In this role, she served her first commission (from June 1757 to 1758) under Commander Francis Burslem in home waters. She was reclassed and refitted as a fireship (re-armed with just eight 6-pounders), and then as a bomb vessel (with the addition of one 13-inch and one 10-inch mortars) and was recommissioned under Commander Francis Richards for service in North American waters. By 1760 she was re-armed as a "frigate" again, with 16 guns, under Commander James Harmood and later under Commander John Macartney until paid off in 1763.

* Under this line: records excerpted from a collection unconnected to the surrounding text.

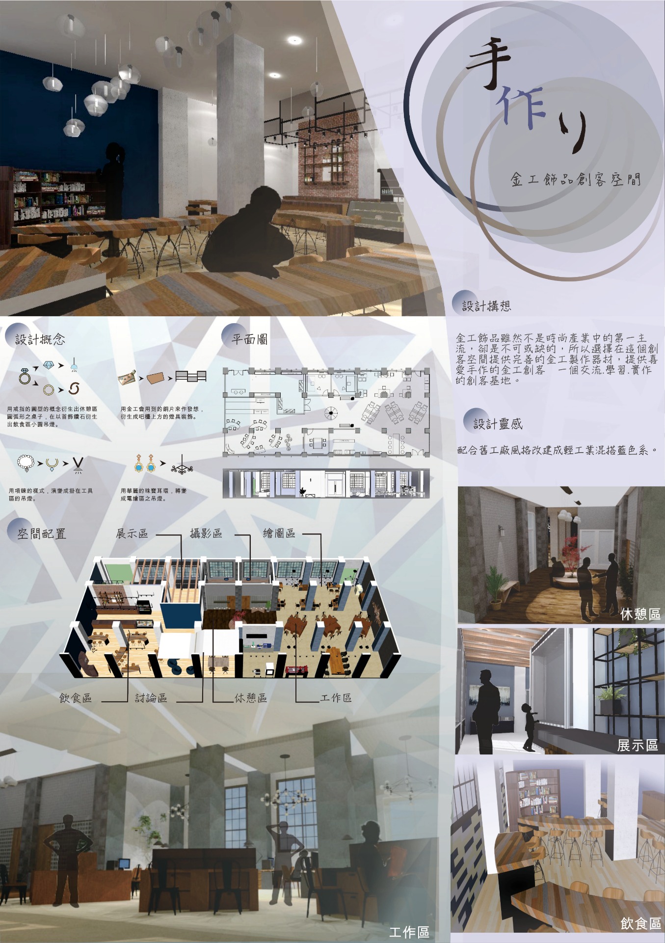 比賽的過程比照正式的提案過程,繪製平面圖導入3D建模、渲染使用PS輔助,最後製作完整海報。
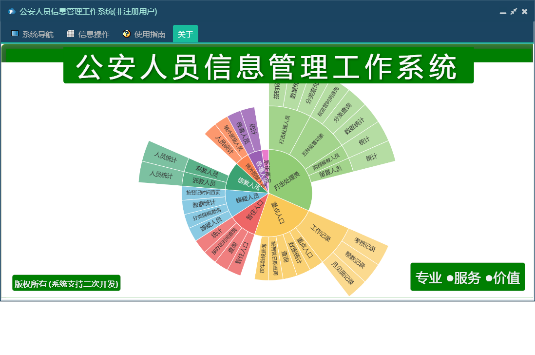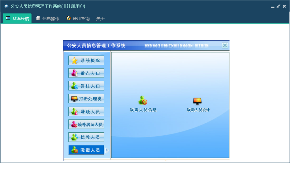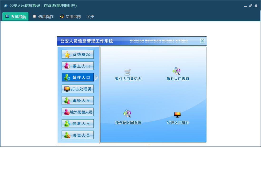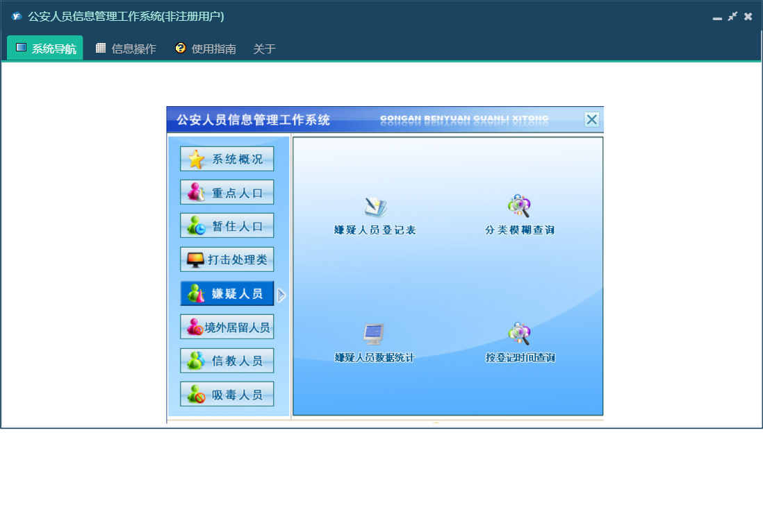 公安人员信息管理工作系统包含以下功能:五种监管对象、宗教人员、邪教人员、吸毒人员、考核记录、刑释解教人员、帮教记录、权限设置、月见面记录、境外居留人员、打击处理人员、信教人员、关于、留置人员、嫌疑人员、日志、暂住人口、重点人口、打击处理类等
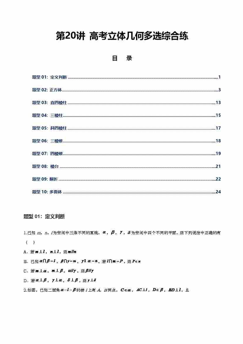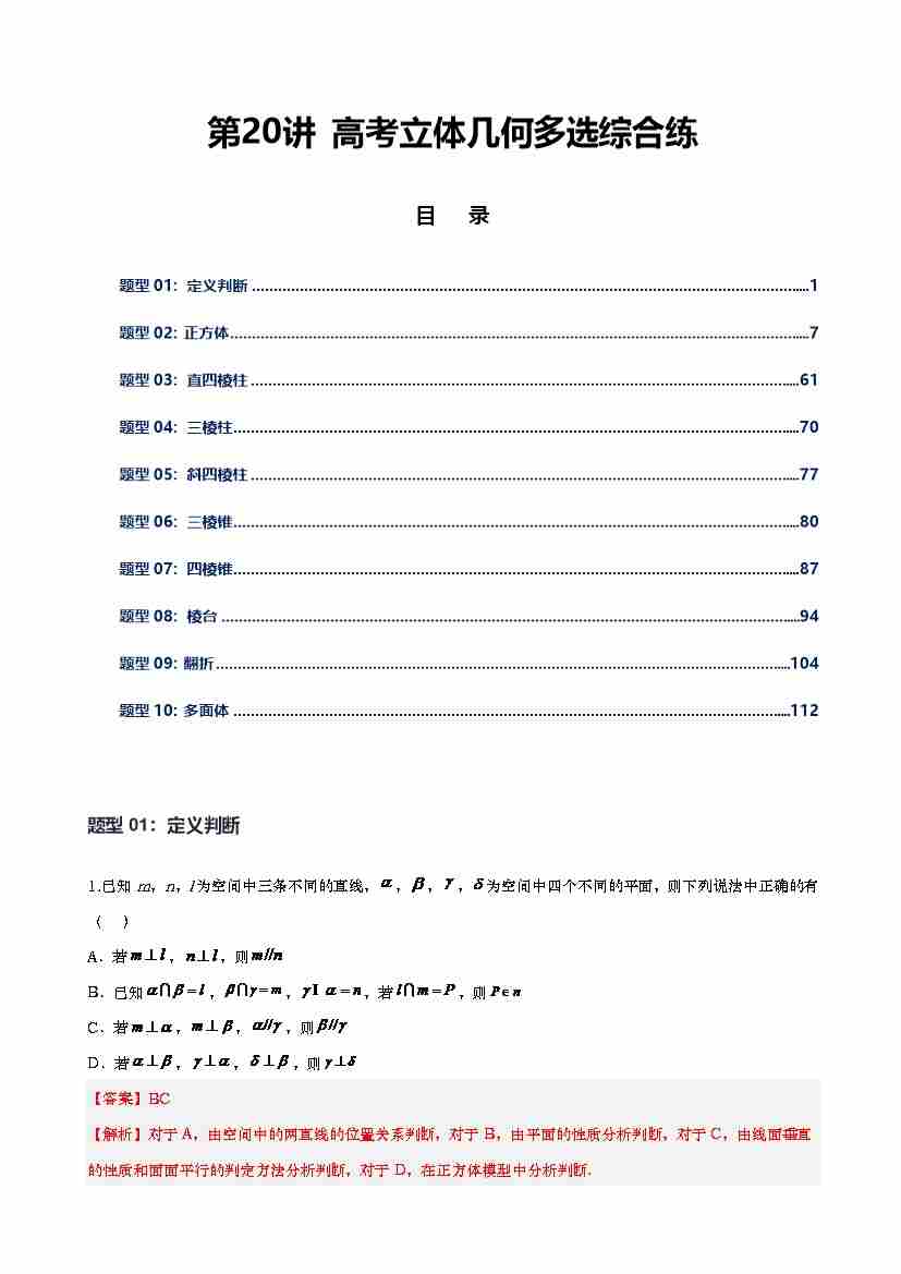 第20讲 立体几何多选综合教师版(新高考通用)-学生版
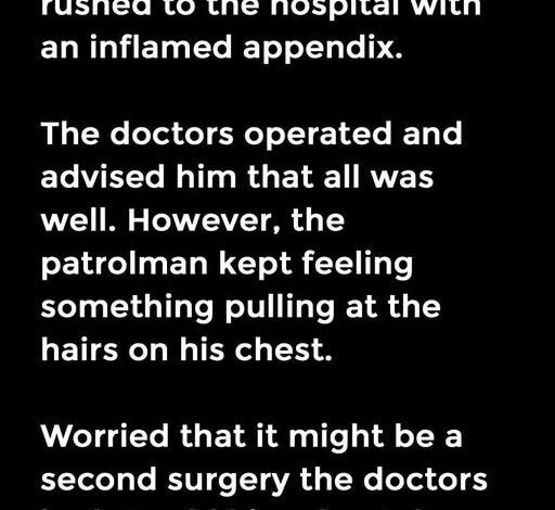 The doctors operated and advised him that all was well. However, the patrolman kept feeling something pulling at the hairs on his chest.
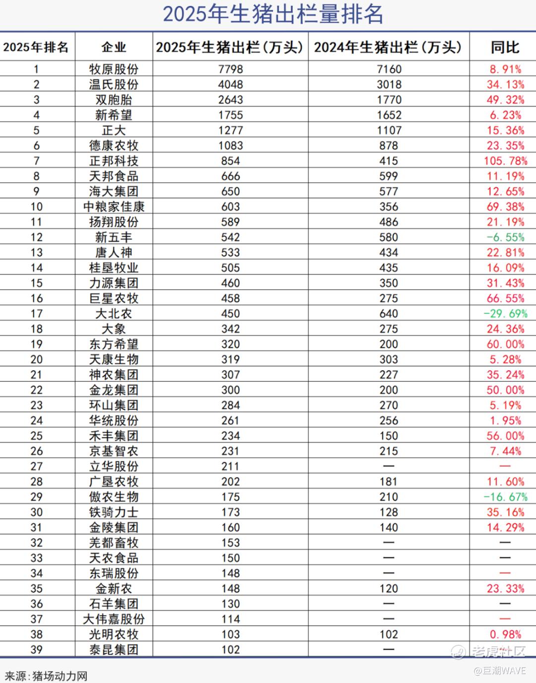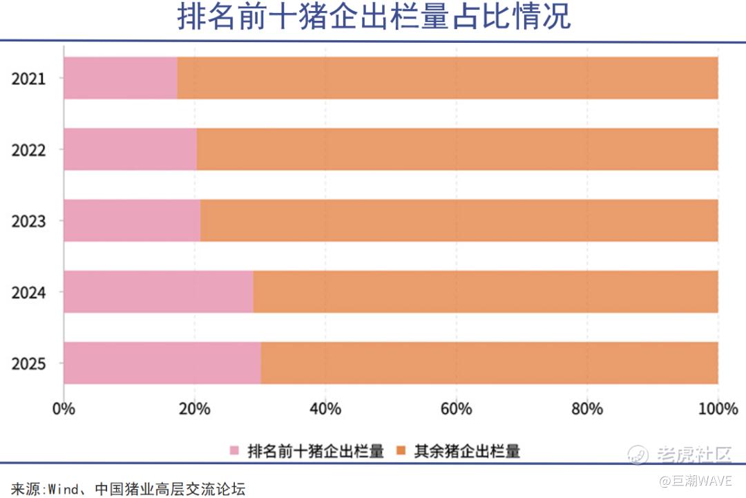 与此同时,行业进一步集中。去年出栏量超百万头的猪企达39家,同比增加7家,合计出栏2.95亿头,增长5800万头,增幅高达24.5%,这些头部企业的出栏量贡献了全国的41%,占比抬升9个百分点。
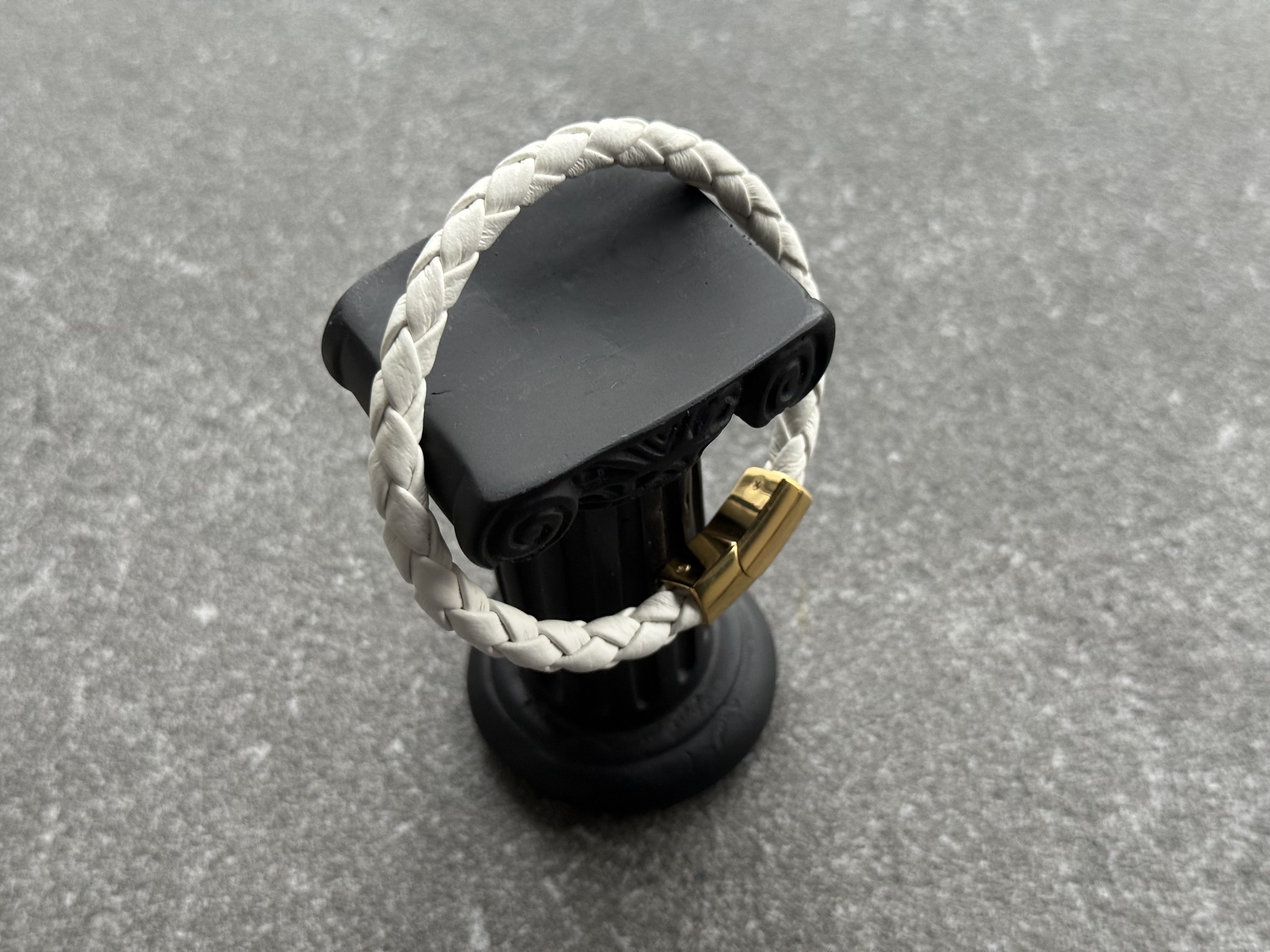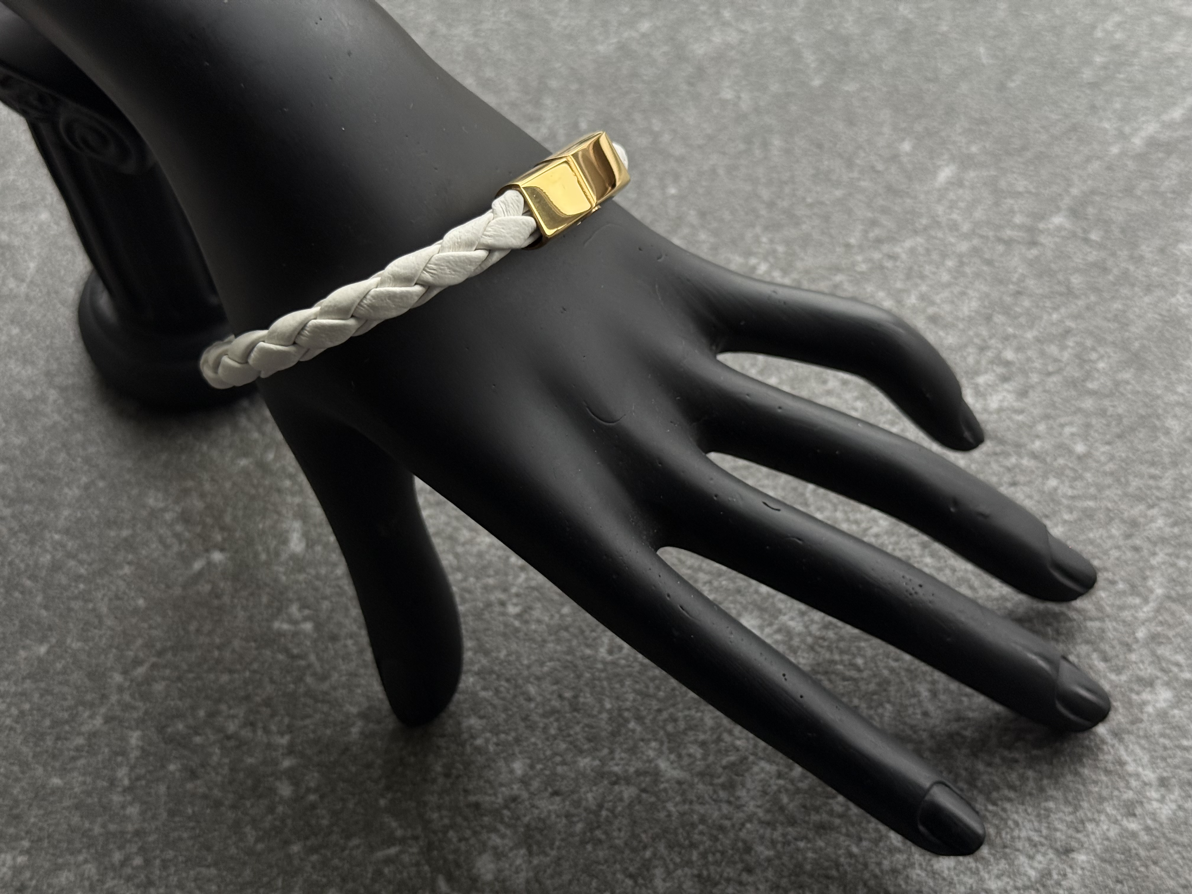 This bracelet is hand-braided from soft white calfskin leather with a natural grain texture. The leather strip is folded and finished along the edges before braiding, so no raw cuts touch the skin. The rounded braid feels light and flexible on the wrist, while the clean geometry of the clasp adds a discreet architectural accent.

== 1773 North Pole expedition ==

After a refit at Sheerness, Racehorse was recommissioned in 1771 under Commander St John Chinnery, until paid off in early 1773. She was then refitted for Arctic exploration, and was part of a voyage of exploration in 1773, commanded by Commander Constantine John Phipps, that unsuccessfully attempted to sail to the North Pole. A young Horatio Nelson served as a midshipman aboard the second ship of the small squadron, under captain Skeffington Lutwidge, second in command of the Phipps expedition.

The expedition left the Nore on 10 June and passed along the western coast of Svalbard and advanced to latitude 80°50'N before reaching impenetrable ice front. They came in sight of Sjuøyane off Svalbard's north coast and midshipman John Walden, along with two pilots, landed on the westernmost island on 5 August of the same year. The island was later known as Waldenøya, or Walden Island.

Other islands named after expedition members are Phippsøya and Nelsonøya of Sjuøyane. Additionally, Cummingøya is named after watchmaker Alexander Cumming, who made the pendulum used by Phipps' expedition. According to Gerard De Geer's 1913 Spitzbergen map, this is the island where Phipps tried to make a pendulum observation.

== Later Navy service as Thunder ==
Returning to Deptford from this voyage in October 1773, she was paid off until recommissioned in January 1775 under Commander James Orrok; she was again refitted as a bomb vessel and – now renamed Thunder and reclassed as bomb vessel on 24 October 1775 – passed under the command of Commander James Reid, sailing on 23 February 1776 for service in North America. Commander Anthony Molloy took over command from Reid in June 1776, and he was succeeded in April 1778 by Commander James Gambier.

The French 74-gun ships Hector and Vaillant, part of the squadron under the Comte d'Estaing, captured Thunder off Sandy Hook on 14 August 1778.